Consensus lists of such terms from different knowledge domains are collectively known www.selleckchem.com/products/MLN-2238.html as Knowledge Organization Systems (KOS) and can range from simple glossaries and dictionaries (or controlled vocabularies) through to more complex classification schemes, taxonomies, thesauri, gazetteers and ontologies. Here we present the Ontogrator web application, where we have used a set of KOS to demonstrate how data can be marked-up to create informative facets for search and discovery. We are in particular interested in the use of ontologies as facets. Ontologies can be loosely defined as sets of concepts or terms that also contain explicit relationships between them. Perhaps the best-known example of an applied ontology in the field of Molecular Biology is the Gene Ontology (GO) [7], but there are now a wide range of available ontologies [8] opening up a range of options for future aggregation and Ontogration of data.
Material and methods The Ontogrator Web application provides a JavaScript GUI (graphical user interface) running within a web browser.
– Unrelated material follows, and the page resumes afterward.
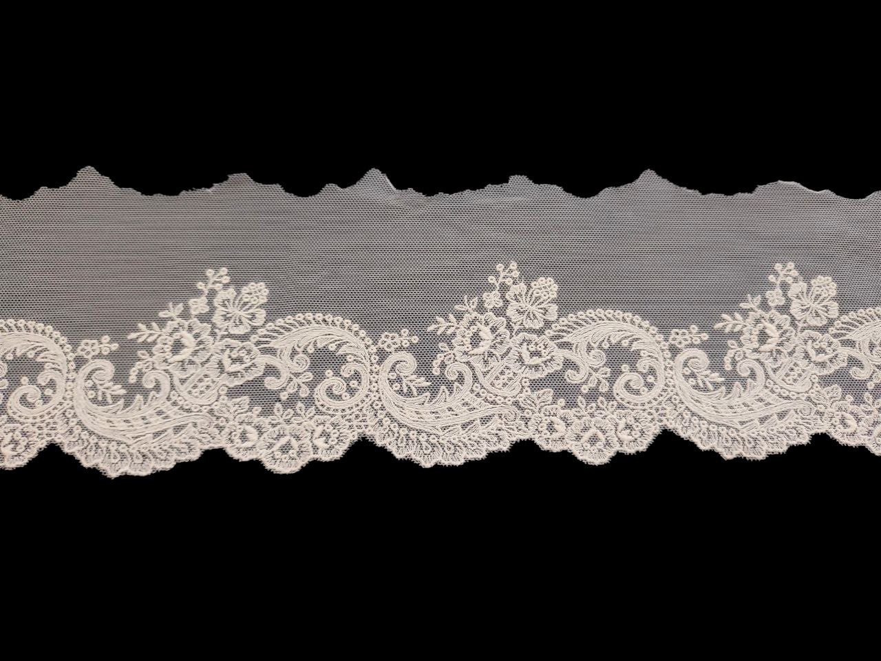 Tul de fibra bordado en hilo de algodón, con un dibujo elegante y delicado

This Web application fetches data on demand from a back-end comprising a set of REST (representational state transfer) web services supported by a LAMP (Linux, Apache, MySQL, PHP) software stack. A MySQL database is constructed and indexed specifically to support the functions of the browser GUI. The back-end service (see Figure 1) performs the following key functions: A – Data acquisition: ingestion of raw data from primary sources; B – Semantic indexing: detecting concepts in the data using text mining; C – Browsing services: providing the client with an efficient concept-based retrieval service; D – Data and facet updates: periodic refreshing of the underlying resources.
Figure 1 The Ontogrator platform. Ontologies, or other KOS, and selected content are processed for use in Ontogrator. After data acquisition and annotation (semantic indexing), browsing services enable exploration and discovery through the web application. A – Data acquisition Data to be imported is converted to tabular format and pre-processed using a PHP script which is customized for each data source. This identifies which columns should be scanned for terms as well as constructing a unique identifier for each record. For example, a data resource with a habitat column would be marked for matching against the Environment Ontology.
Once the input processors have been constructed, the remainder of the processing is fully automated. The import scripts create appropriate tables in the back-end database to hold both the data and any hits found during semantic indexing. B – Semantic indexing Concept annotation is performed by Terminizer [9], an external Web service that detects mentions of ontological concepts Cilengitide from a given ontology in a given textual passage.